The people shuffle along, shoeless, ready for their full-body check. Their belongings have been taken from them. If they question any part of this, in any way, they are quickly removed and taken to an undisclosed location.
No, it’s not prison — it’s the security check at your local airport. Why do we stand for it?
The Transportation Security Administration was established in the wake of 9/11, when Congress passed the Aviation and Transportation Security Act. Before that, private security agencies hired by the airlines handled security at the airports.
After the attacks, people demanded the government “do something” — and “something” is exactly what it did: It took over the role of airport security and bloated it to its current size, with more than 50,000 employees and a budget of more than $7 billion.
It’s now fully 18 years after 9/11. Perhaps it’s time to rethink our airport-security system and realize that what we implemented in our most fearful moments no longer serves us well.
For one thing, it doesn’t seem to work.
Internal investigations of the TSA consistently find that it routinely misses more than half — and sometimes as much as 95 percent — of explosives and weapons in undercover tests. These kinds of numbers should be extremely concerning to anyone worried about security at our airports.
Then there are the real misses: Just this year, a woman passed through TSA’s security at Hartsfield-Jackson Atlanta International Airport with a gun in her carry-on bag. She flew to Tokyo, Japan, where the gun was then discovered.
That’s just one we know about. How many other times has this happened and no one reported they had flown with their weapon?
Yet the TSA is frequently concerning itself with nonsense. In late August, its Twitter account let a traveler know that a souvenir “thermal detonator” soda bottle purchased at Disneyland’s Star Wars: Galaxy Edge wouldn’t be allowed in checked or carry-on bags because “replica and inert explosives” are not allowed.
That quickly triggered comments noting not only that there can’t be a replica of something fictional but also that people had already traveled with these items in their luggage. Under pressure, the TSA reversed itself.
Everyone has a story of TSA insanity. My husband once had to dump his hummus snack because agents ruled it a liquid. It is not a liquid.

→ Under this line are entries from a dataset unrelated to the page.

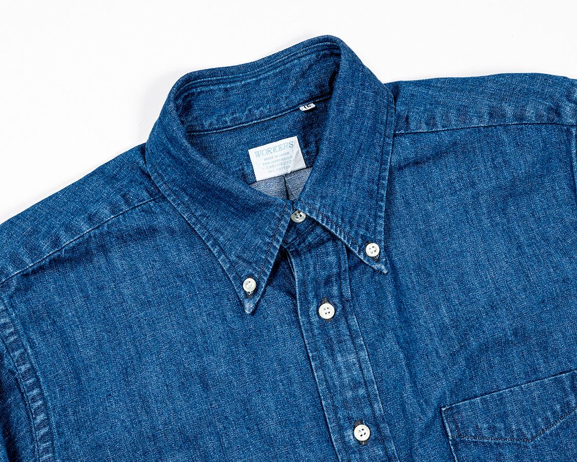 が、IVYといえばプルオーバーボタンダウン。ポップオーバーなんて言ったりもします。今までは、夏用にマドラスや薄手のオックスでばかり作っていたので今回は厚手生地で。写真は7.5オンスのデニム。シャツとしてはかなり厚手。
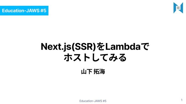 Next.js(SSR)をLambdaで ホストしてみる Education-JAWS #5 山下 拓海 Education-JAWS #5 1
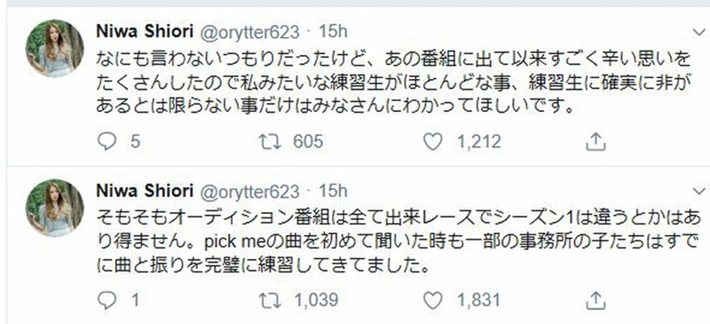 不過,Niwa表示一切都是製作組和經紀公司在背後的勾搭,而參賽的練習生們也只是傀儡一樣,毫無知情的狀況下進行比賽,卻被製作組和公司操控了。她補充道:「已透過節目出道的孩子們也是經歷過相同的辛苦,練習生們是無辜的。」
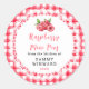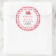 A delightful label for mini raspberry pies featuring a soft raspberry design framed within a delicate lace-style border. The red gingham background adds a cozy homemade bakery feel. Perfect for packaging small pies for gifting, bake sales, or gatherings. Add your name and year for a personal finishing touch. Ideal for Valentine’s Day, holiday baking, or special occasions. A charming way to present your mini pies.
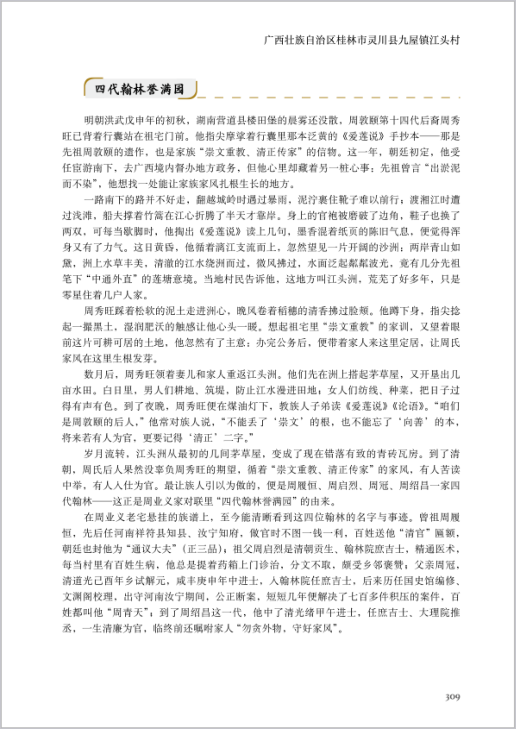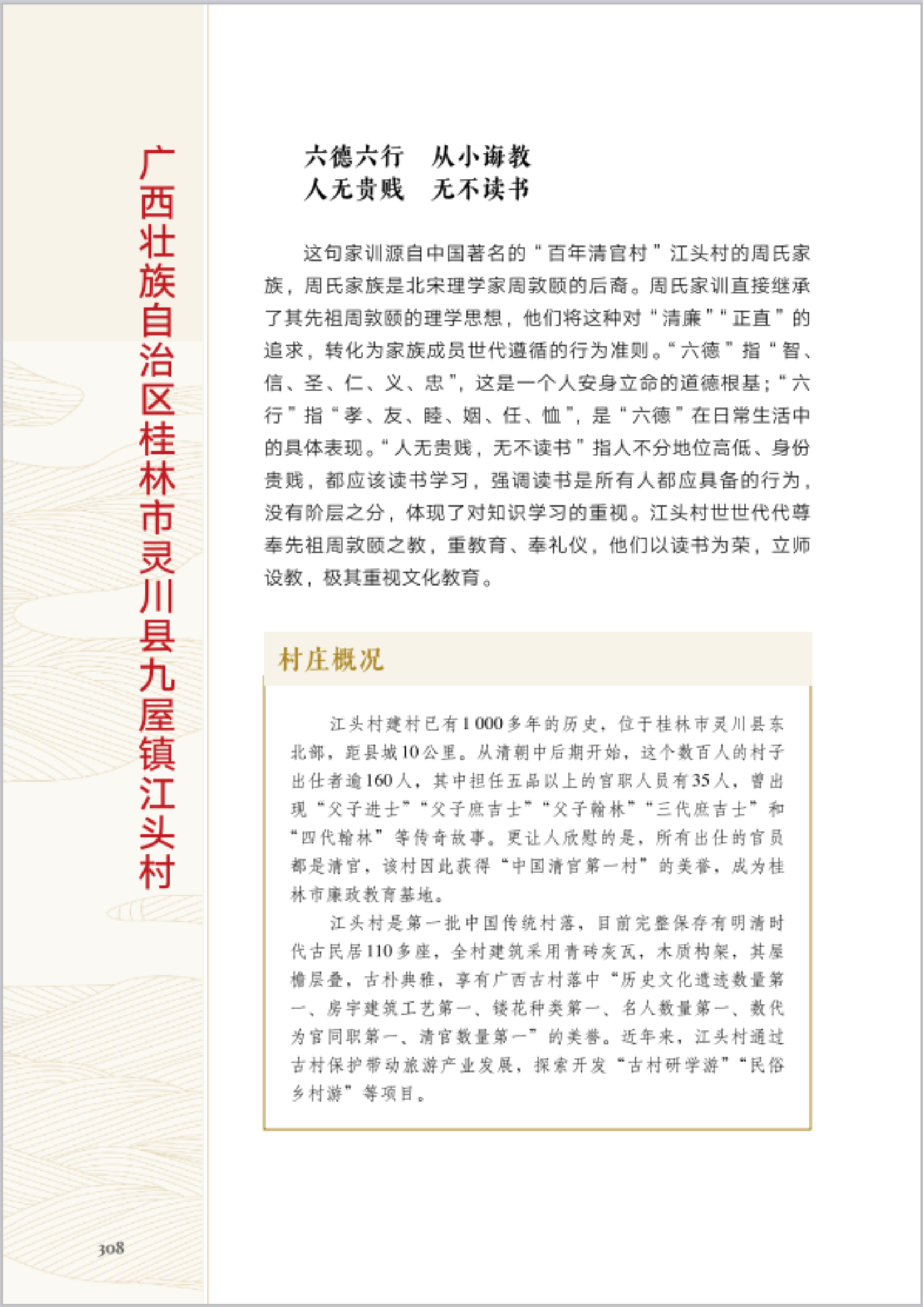 桂林市灵川县江头村入选中国农业出版社《村庄里的家风家训故事》
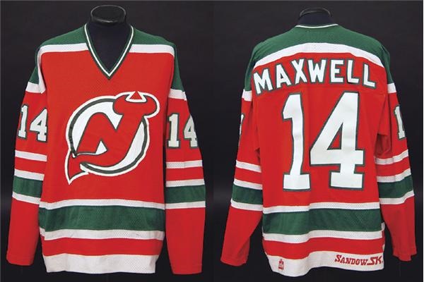 Without a doubt one of the most attractive hockey jerseys out there, this red mesh Devils jersey with green & white trim was donned by Kevin Maxwell in the 1983-84 season. Large NJ Devils logo on the front in red, white & green tackle twill. “Maxwell 14” on verso in white on green tackle twill. His number “14” displayed on each sleeve as well. “Gerry Cosby” and “Sandow SK” screened onto the white trim of the back tail. Collar tagging is “Gerry Cosby” with care tag to the right and [size] 54 tag to the left. Evident use and wear, but no team repairs.
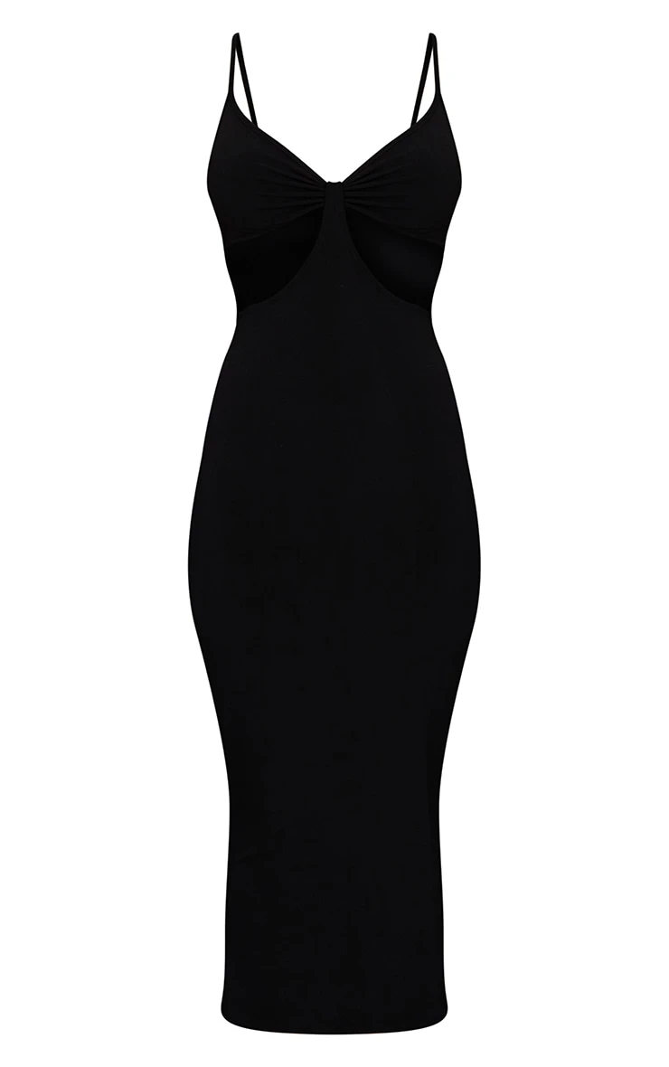 This chic dress is perfect for those special occasions. Featuring a black slinky material with a cut out underbust design, figure-hugging fit and a midi length, we’re obsessed. Style this with strappy heels and gold accessories to complete the look.

When my daughter was 5, she had her hands swabbed for bomb residue. I have to remember to carry socks in my handbag on summer trips, lest I end up having to walk barefoot through the scanner because the full-body scanners, nicknamed “the naked scanners,” somehow can’t scan through shoes.
Agents take away lighters, despite the fact that the “shoe bomber,” Richard Reid, used matches. — and matches, inexplicably, are still allowed. Confiscation bins at airports are overflowing with nail clippers and sunblock. It makes no sense.